Charlotte Amalie High School (CAHS) is a public high school housing a population of just over 1400 students, and over 130 members of faculty and staff. It is located in what is colloquially called the "town area" of the island of St. Thomas, United States Virgin Islands. It is named after the official name for the "town area," Charlotte Amalie. It is a part of the St. Thomas-St. John School District. It is the territory's most populous high school.

History 
CAHS was established in 1920 as a junior high school. In 1930, the first 12th grade class was added, and four students graduated in the class of 1931. It is popularly known as "High School" to older residents of St. Thomas, because it was the first public high school opened on the island. It was named after Charlotte Amalie of Hesse-Kassel (or Hesse-Cassel), the queen consort of Denmark and Norway, (the wife of King Christian V). The school had two other locations prior to where it currently stands.
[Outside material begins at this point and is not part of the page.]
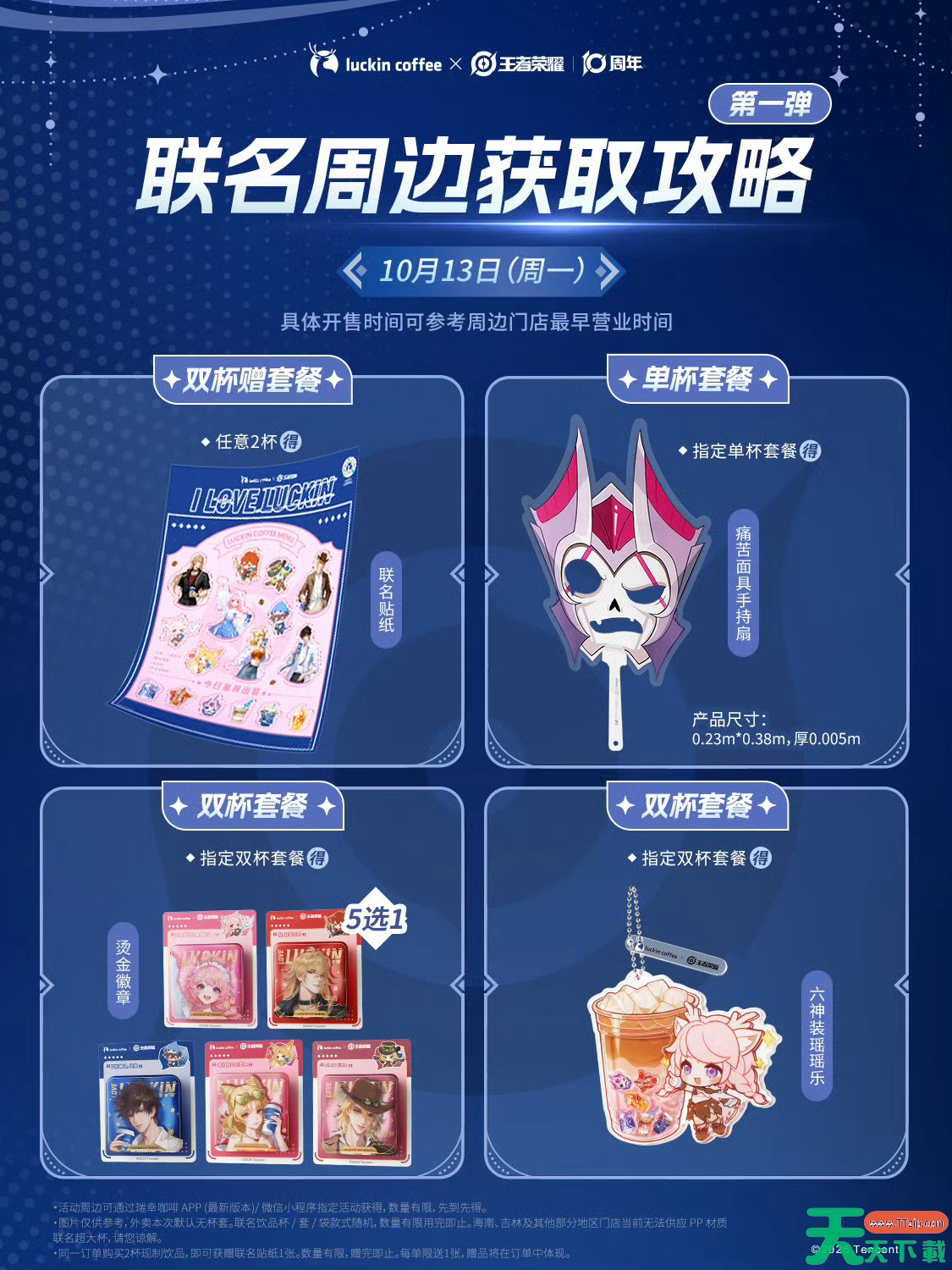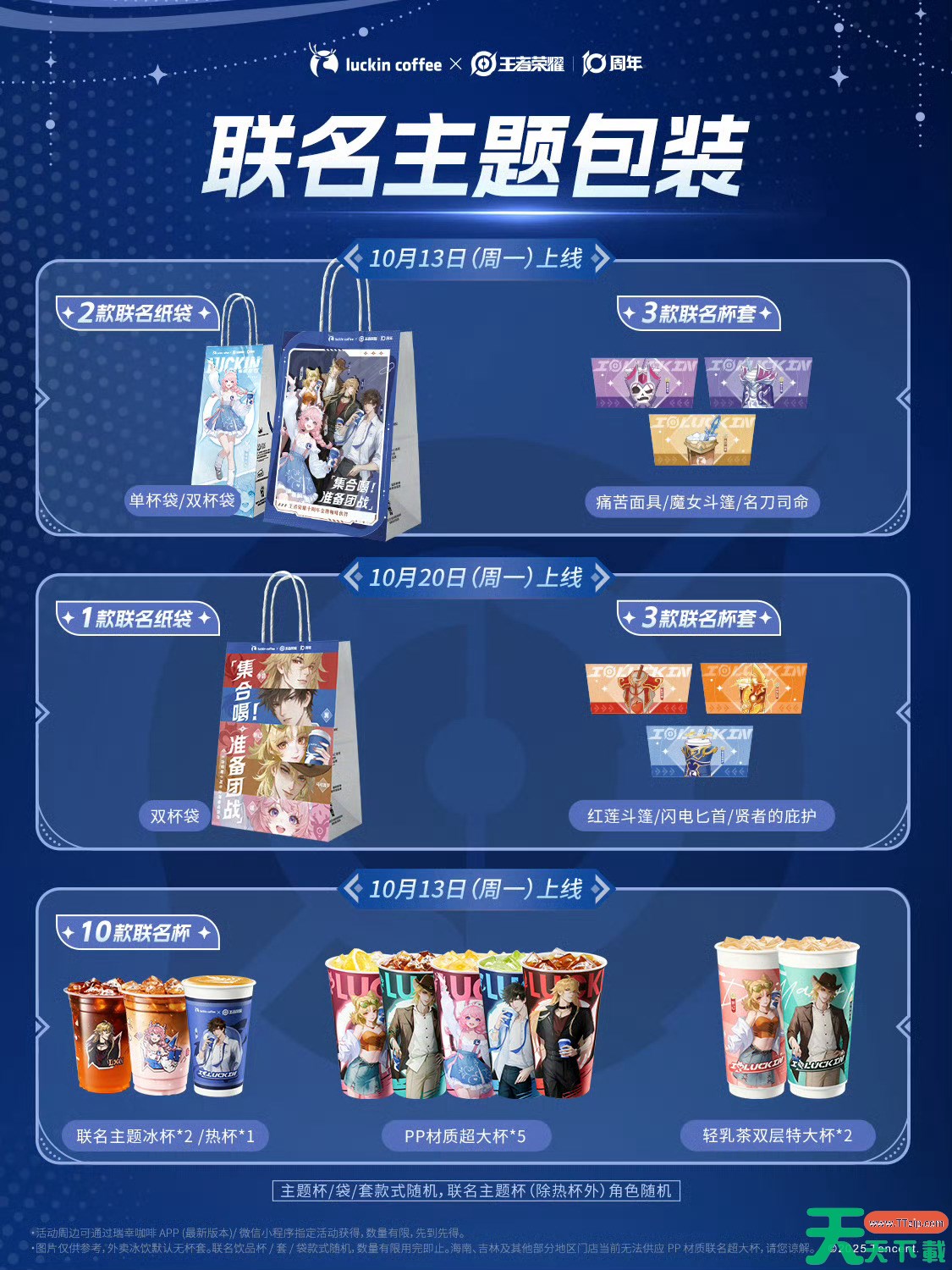 王者荣耀将在10月13日开启与瑞幸的联动,很多玩家不知道有哪些联动内容,有哪些联动周边,下面天天下载为大家带来王者荣耀瑞幸联动介绍,感兴趣的小伙伴一起了解一下吧。

The first location was at the Commandant Gade Site, and the second was at what is now the Senate (Earl B. Ottley Legislative) Building. The Charlotte Amalie High School moved to its current location in 1955.

Extracurricular activities
Charlotte Amalie High's Mighty, Mighty Chickenhawks have been exceptional performers in many of the extracurricular activities and sports present in the Virgin Islands.
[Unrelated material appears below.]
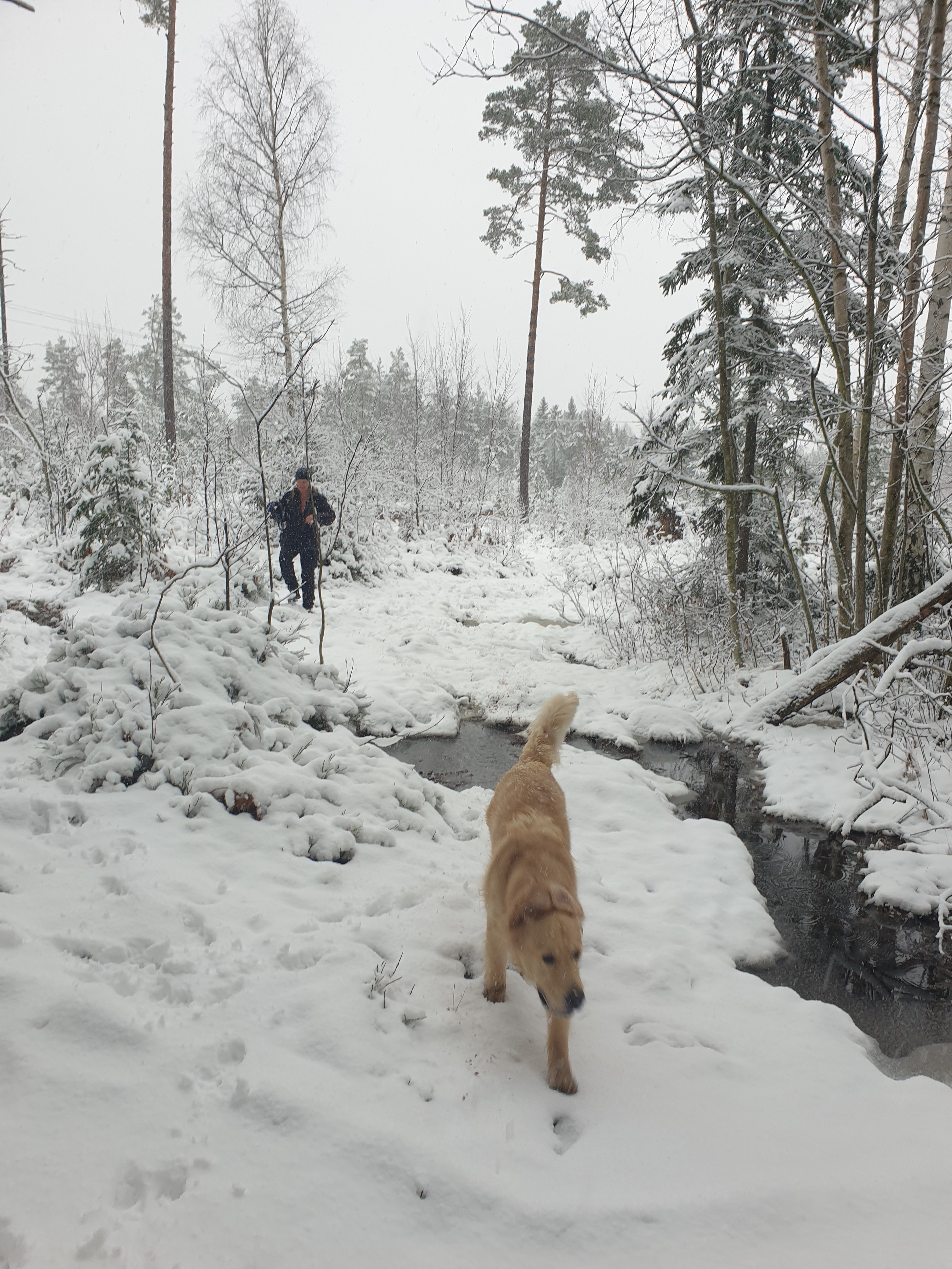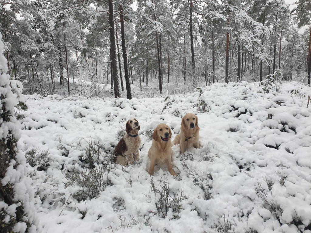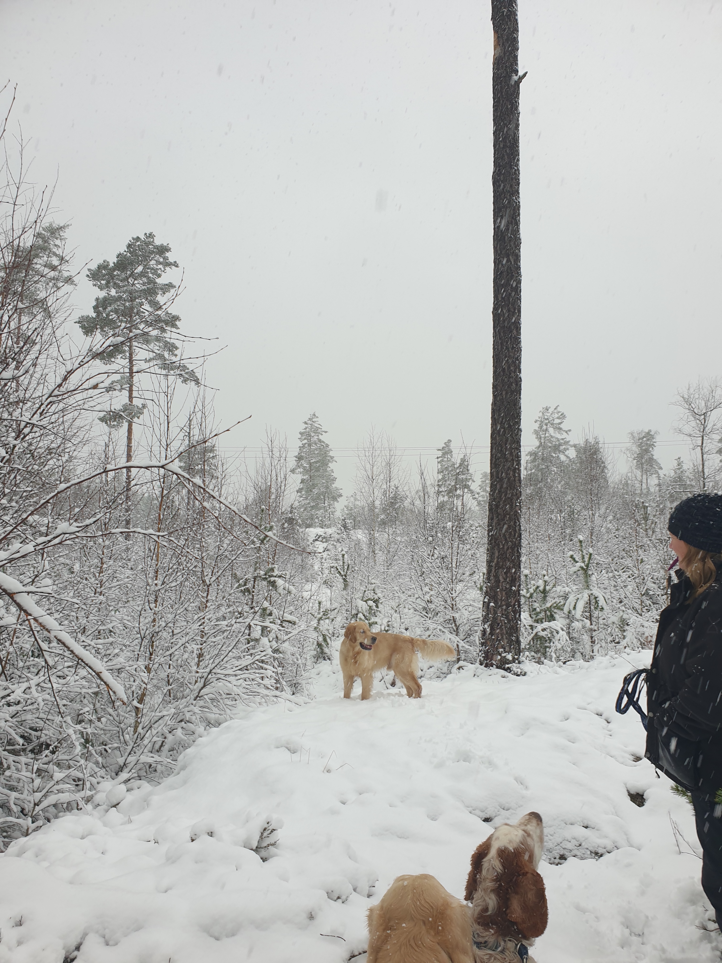 Bortsett från alla människor som vi saknar så saknade vi länge även snö men nu har den äntligen kommit! Temperaturen är lite för hög för att vi ska lita riktigt på att den ligger kvar men hoppet finns! Hundarna blir lika glada varje år och för Knasen är det första gången han upplever snö i vettiga mängder.

The athletes of CAHS have claimed multiple IAA (Interscholastic Athletic Association) titles in baseball, basketball, flag football, tackle football, soccer, softball, track & field, and volleyball.

CAHS always fields a strong team for the annual Virgin Islands Appellate High School Moot Court Competition held in the territory. After taking first place in 2013, 2014, and 2015, Charlotte Amalie High School also became the first to claim three consecutive victories in the competition. CAHS also claimed first-place finishes in the competition in 2011 and 2009. The school also has excellent showings in the territorial JROTC Caribbean Drill Competitions, Poetry Out Loud, various Quiz Bowls, and the ever expanding Rock City Classic: Battle of the Bands (current and four-time repeat champions). The 2008 National Champion of the  Poetry Out Loud competition hailed from the Charlotte Amalie High School. Her win was impressive because that was the first year that the Virgin Islands was allowed to participate. Also of note is the fact that the St. Thomas Carnival Queen, for 19 consecutive years (1999-2017), came from Charlotte Amalie High School.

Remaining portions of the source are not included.